Hi Everyone!! So, despite the disappointing news we received on my health situation we have been so busy the last few weeks and I have felt so good that there were actually times when I forgot that I even have cancer. There is a LOT going on at our house and changes are on the horizon. I thank GOD for these distractions and the way they keep me living life and enjoying every minute.
Having said that, Todd and I flew to Houston today. After meeting with the oncologist at Duke and getting a very clear picture of what I am facing, we decided to come to Houston to MD Anderson for a second opinion of my situation and future treatment decisions. This was a hard decision to make. I absolutely love and adore the wonderful people at Duke.
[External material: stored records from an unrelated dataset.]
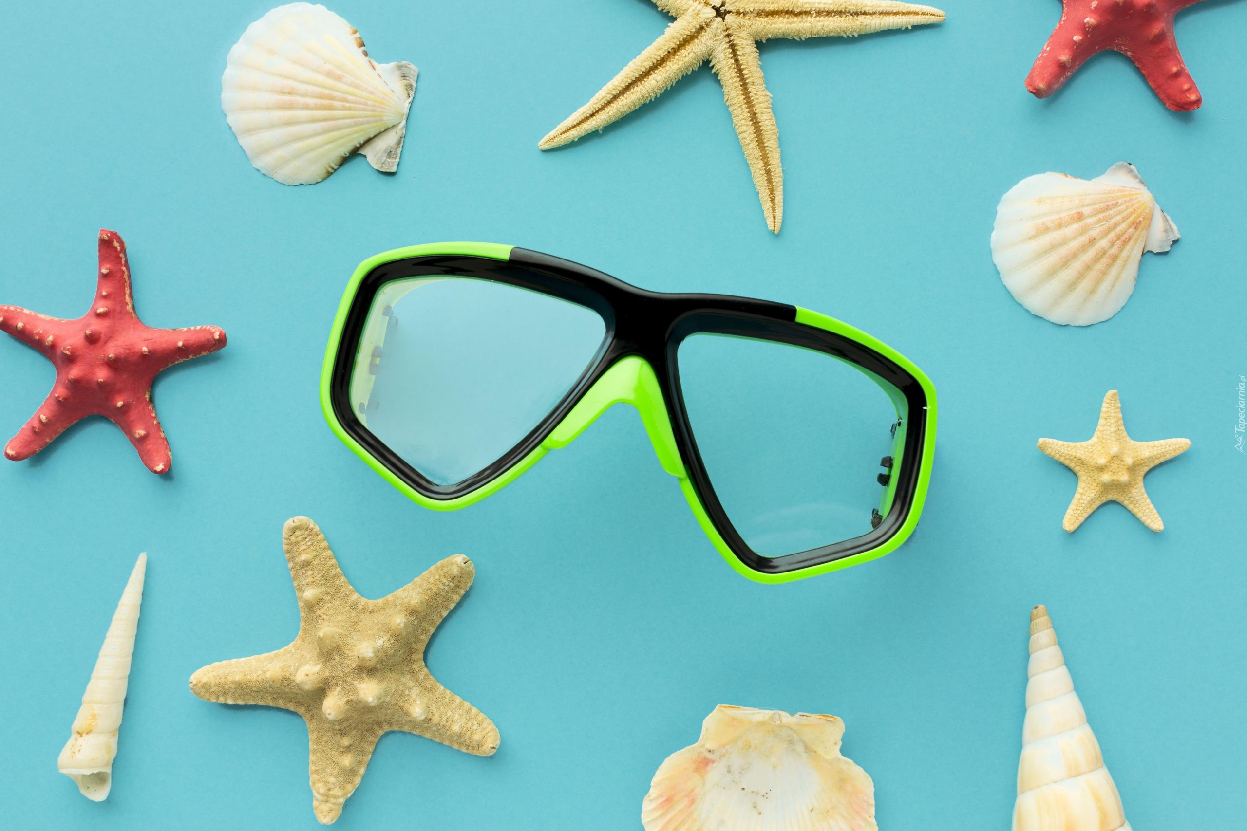Edytor tapety: Muszelki i rozgwiazdy wokół okularów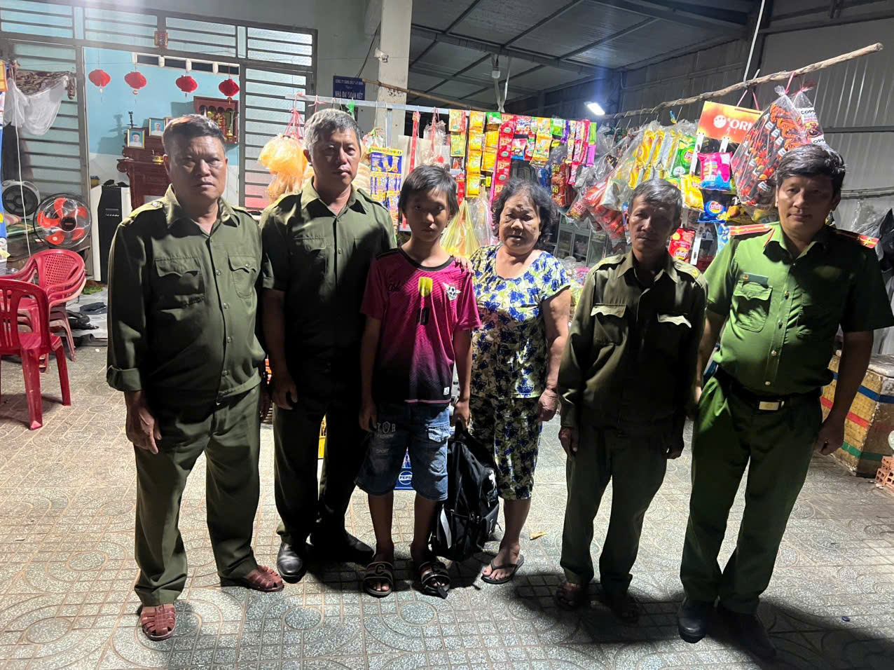 Tại trụ sở Công an xã, do có tâm lý hoảng sợ, cháu bé tỏ ra khá rụt rè nên các cán bộ, chiến sĩ Công an xã Ninh Điền đã ân cần thăm hỏi, động viên và cho cháu ăn uống để trấn an tinh thần.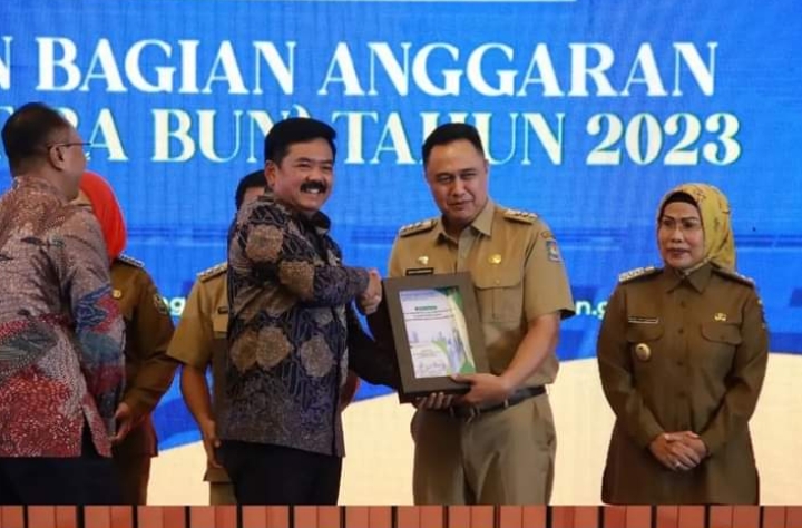 LEBAK, (suarasiber.co.id) – Pj. Bupati Lebak Iwan Kurniawan menerima secara langsung Materi Teknis Rencana Detail Tata Ruang (RDTR), Rabu (10/1/2024). Materi Teknis tersebut diserahkan oleh Menteri Agraria dan Tata Ruang/Badan Pertanahan Nasional (ATR/BPN), Hadi Tjahjanto di Sheraton Grand Jakarta Gandaria City Hotel.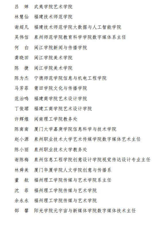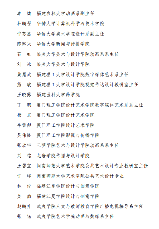 附录,未来设计师·全国高校数字艺术设计大赛福建赛区组委会完整名单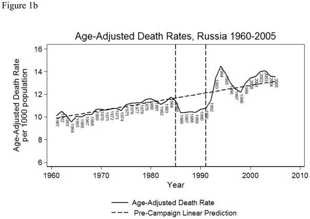 Graph 7: J. Bhattacharya et al. The Gorbachev Anti-Alcohol Campaign and Russia’s Mortality Crisis. American Economic Journal: Applied Economics 5(2) 2013: https://pmc.ncbi.nlm.nih.gov/articles/PMC3818525/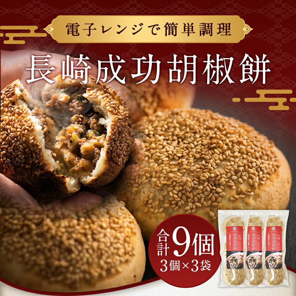 【ふるさと納税】長崎成功胡椒餅 3個×3袋 ( 合計9個 1個約130g ) 点心 胡椒餅 長崎 長崎市 長崎中華街 中華 雲仙うまか豚紅葉 簡単調理 グルメ お取り寄せ 冷凍 長崎市

They have given me the best in care and words cannot convey my respect and appreciation for what they do day in and day out. I want to know that I did all that I could to fight this evil disease. I do not want to have regrets. That is why we are hear. Nuff Said!!
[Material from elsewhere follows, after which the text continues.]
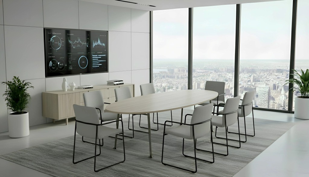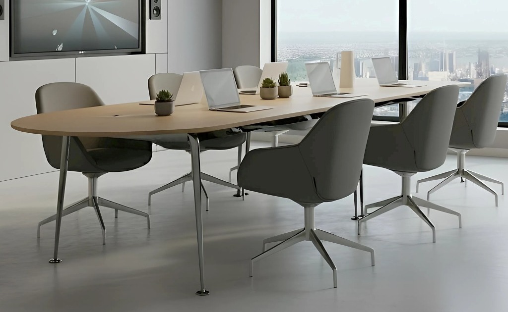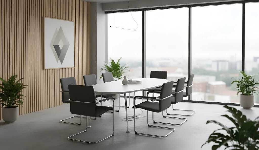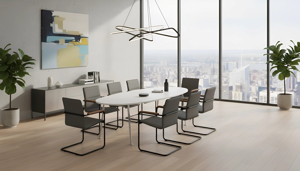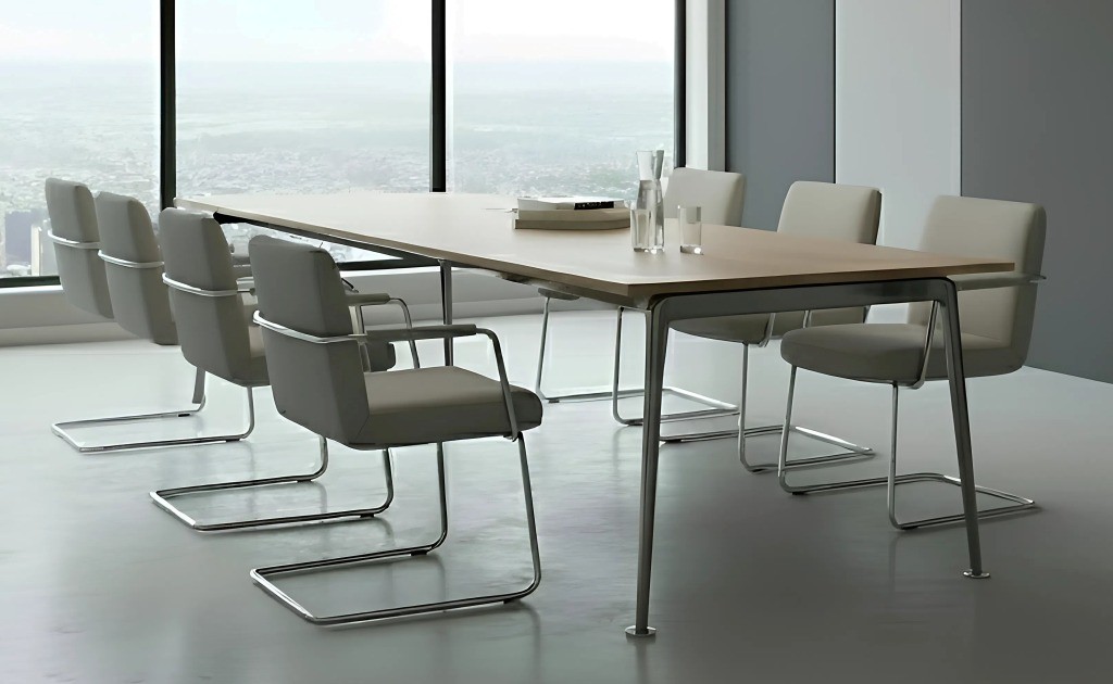 A NOBLE fémláb-szerkezet egy elegáns és kecses megoldás, amely nemcsak operatív munkahelyekhez ideális, hanem variálható tárgyalóasztalok is könnyedén kialakíthatók belőle. Az egymáshoz illesztett szögletes munkaasztalokból akár U-alakú tárgyalókat is létrehozhatunk, és kerek asztallapokhoz is használható, így rendkívül sokoldalú. Az asztallap alatt futó merevítőnek köszönhetően a szerkezet nagyon stabil, és akár üvegbetétes tárgyalóasztalok is készíthetők vele. A NOBLE többféle színben – antracit, ezüst, fehér, fekete és króm – elérhető, így könnyedén illeszthető bármilyen irodai környezetbe.

We have decided to make this trip into another exploring adventure. I meet with the doctor tomorrow then we will remain in Houston for a few days next week for additional tests, etc. Since we have to be here we decided to head to the beach in Galveston for the weekend! The beach has always been my peaceful place. The sounds, the sand, the vibe…..it calms my nerves and centers me. I also have so many wonderful memories of beach trips. From camping as a child, spending weeks there during the summer with my school friend Kristy and her Mom to the cherished memories at the “Crowe’s Nest” with my partner in crime, KK. It is where I recharge and release all of the stress of this world. I am so looking forward to it.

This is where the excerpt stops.